WORK ORDER: The answer is the data below, repeated exactly, with no pictures included.

[Saved entries]
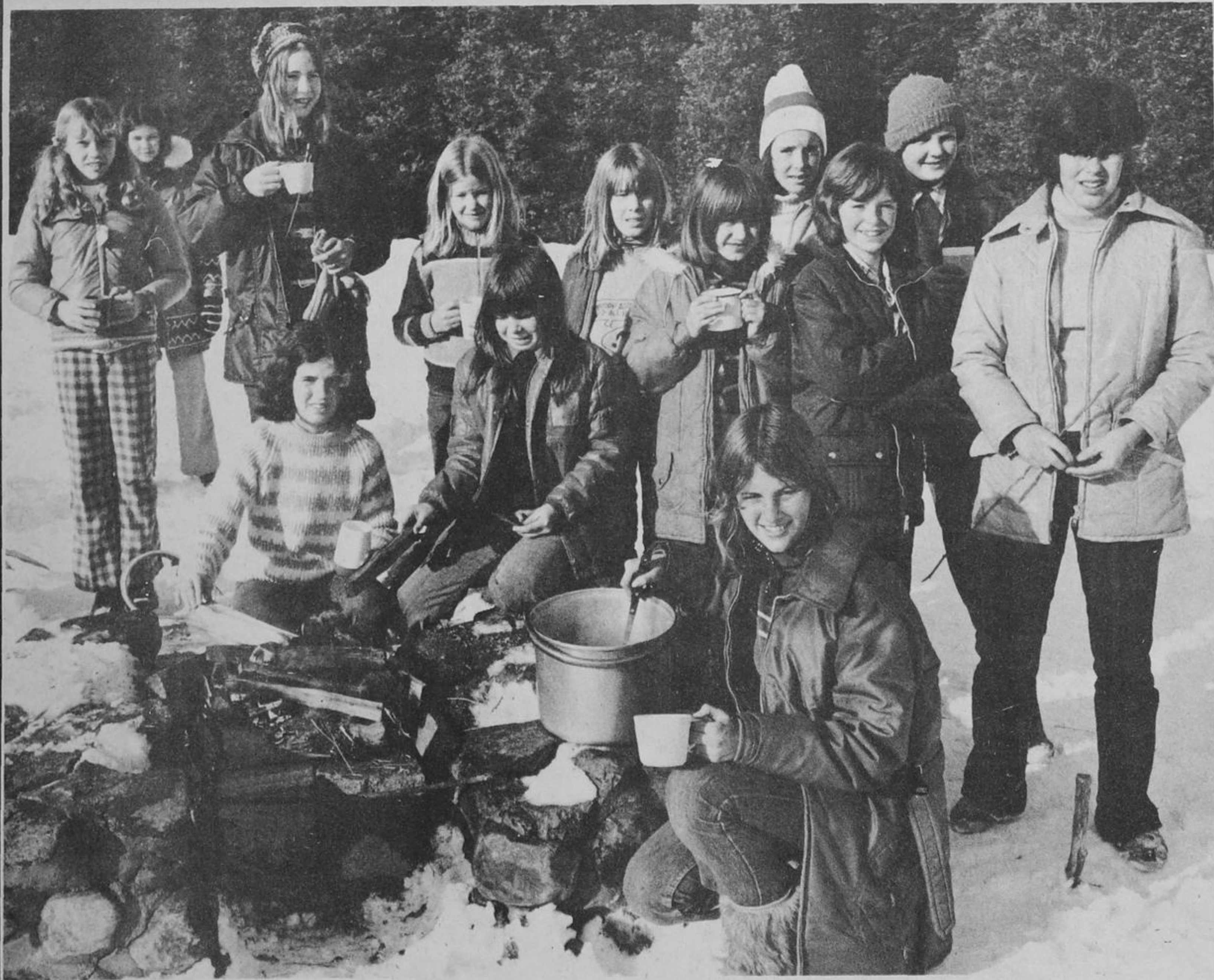
Fun in the snow

Twenty members of the 2nd Thornhill Guide troop braved the wilds of interior King Township this weekend to prove winter camping can be fun. They slept and cooked most of their meals in cabins at
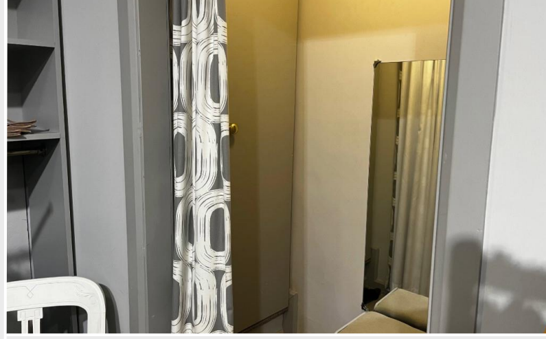
Changing Room Lower Ground Floor
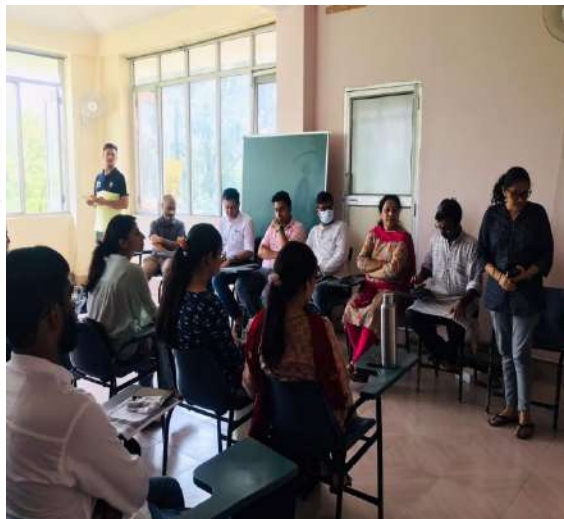
Meeting of Nasha Mukh Bharat Abhiyaan
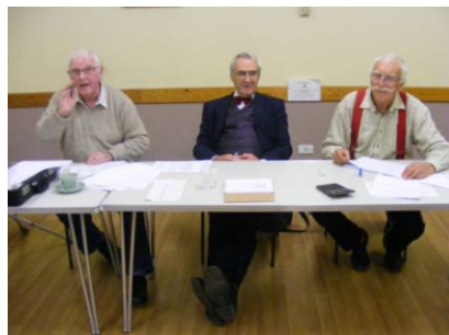
Why are we waiting

WRITTEN SOLUTION:
Fun in the snow

Twenty members of the 2nd Thornhill Guide troop braved the wilds of interior King Township this weekend to prove winter camping can be fun. They slept and cooked most of their meals in cabins at
Changing Room Lower Ground Floor
Meeting of Nasha Mukh Bharat Abhiyaan
Why are we waiting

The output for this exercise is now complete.